Pois bem. Naqueles 29 dias tudo foi torturante, sufocante, um martírio. Até o silêncio machucou. E mesmo nas madrugadas que me fascinam, quase todas elas foram-me angustiantes. No mesmo ambiente que me pacifica e no qual me enriqueço interiormente, lutei para não me deixar destruir. Não havia concentração para a leitura, para qualquer estudo, apesar de todo o tempo à minha disposição. Restava-me, apenas, sentar-me à frente da máquina datilográfica e escrever, compulsiva e freneticamente, escrever. Escrever até mesmo de forma irracional e ilógica, mas, escrever, passando para o papel tudo o que me vinha à cabeça, na confusão de ideias e sentimentos. E depois rasgar tudo, quando o cansaço chegava e o amanhecer se punha próximo.

Contei os dias, à espera de poder sair, irritando-me com os que – à guisa de consolar-me -, tentavam mostrar-me que, pelo menos, eu estava em casa e com a presença dos meus. Mas era estranho: eu estava apenas fisicamente em minha casa, o pensamento ausente. Eu queria, apenas, sair, ir e vir por minha vontade. Passaram-se os 29 dias e, então, saí. E, imediatamente, senti os reflexos de meu confinamento. As pessoas – movendo-se apressadas, aglomeradas – de tal forma me atordoaram que tive a sensação de desmaio. A sensação talvez de quem sai do escuro e a luz lhe bate nos olhos. Estranhei. Mas insisti. Não consegui, porém, trabalhar. E rapidamente voltei para a casa da qual eu tanto queria sair.

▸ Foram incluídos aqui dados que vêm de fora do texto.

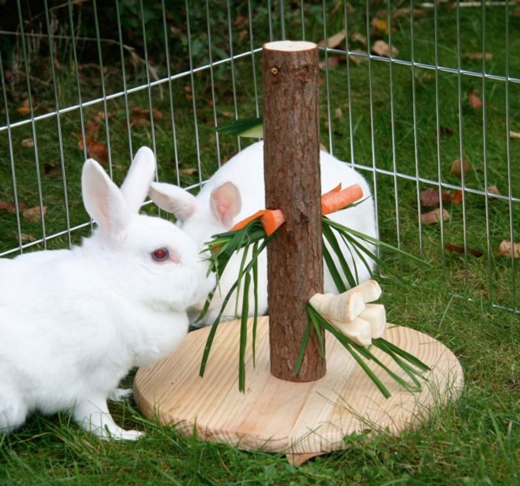 30cm högt träd med barken kvar och en bottenplatta i trä som gör att det står stabilt även om du har flera kaniner som äter samtidigt.

E nela fiquei, sentindo-me aconchegado, retornando ao meu cantinho, aos meus livros, à minha música, como se fosse um lugar do qual estivesse ausente por muito tempo. E fiquei tranquilo, pacificado. No mesmo lugar que, durante 29 dias, me pareceu impossível de suportar um exílio, uma prisão. Bastou-me saber que, agora, readquiri a liberdade de ir e vir – e, portanto, de também ficar – para que minha prisão se tornasse novamente um lar, reconfortante e enriquecedor. Assusto-me com o mistério indecifrável da alma humana. Bom dia.